• Feb 9, 2026

Yoga and Floods

  • Esther Kurtz
  • 0 comments

Same experience, different responses. What Yoga and Floods needed to teach me.

I failed myself one moment, elevated myself in another.

In the early morning while doing yoga my son interruped my flow (literally) to ask me if the milk was spoiled, could I please smell it.

My first thought was "Seriously, now?"

My second thought was - "I guess I was meant to be interrupted and see how I took that. If it wasn't him, it would have been something else."

And then I felt a twinge of guilt for my "give it to me -- it's fine." curt response.

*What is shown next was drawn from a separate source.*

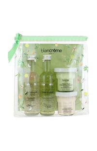 Cette trousse contient : - Une gelée micellaire - Thé vert & concombre - 75 ml- Une gelée nettoyante - Blé & orge - 75 ml- Un sorbet visage - Orange & citron - 40 ml- Un masque visage - Thé vert & concombre - 40 ml

Maybe next I'll accept the moment as it comes, embrace the messenger instead of killing it (or just shooing him away)

Later today I took my other son out of school for vision therapy. It's about 25 minutes away. As we pulled into the parking lot, I saw the whole office staff, doctor and therapist in their coats walking away. There was also a fire marshall SUV outside. I opened my window and asked what was going on.

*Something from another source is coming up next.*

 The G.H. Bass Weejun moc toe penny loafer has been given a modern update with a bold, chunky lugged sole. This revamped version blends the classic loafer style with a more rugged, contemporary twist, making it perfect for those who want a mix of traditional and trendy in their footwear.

Apparently, there was a huge flood in the basement (where the office is located), ankle-deep. All the services were out, they couldn't call anyone, and they were headed home.

I shocked myself by being fine. I didn't react at all, externally or internally. I just said, "Oh, ok, hope it all works out."

The Doctor was apologetic, the therapist (she's a character) was all cheery, "So nice of you to visit."

I continued through the parking lot, turned right around (actually, I made a left) and went home. No frustration, just acceptance. Did I make up for the morning? I don't know.

But interestingly, this month is unique financially, my husband developed a pinched nerve. He's been seeing a chiropractor, which is an added unanticipated expense for this month. My husband moved around the budget in the health category, making it work - and it did - ish - just.

He'd calculated that this vision therapy session would appear on this month's credit card statement. But it was cancelled, leaving us a little more wiggle room. Baruch Hashem. Hashem has ways of working things out, that we'd never consider.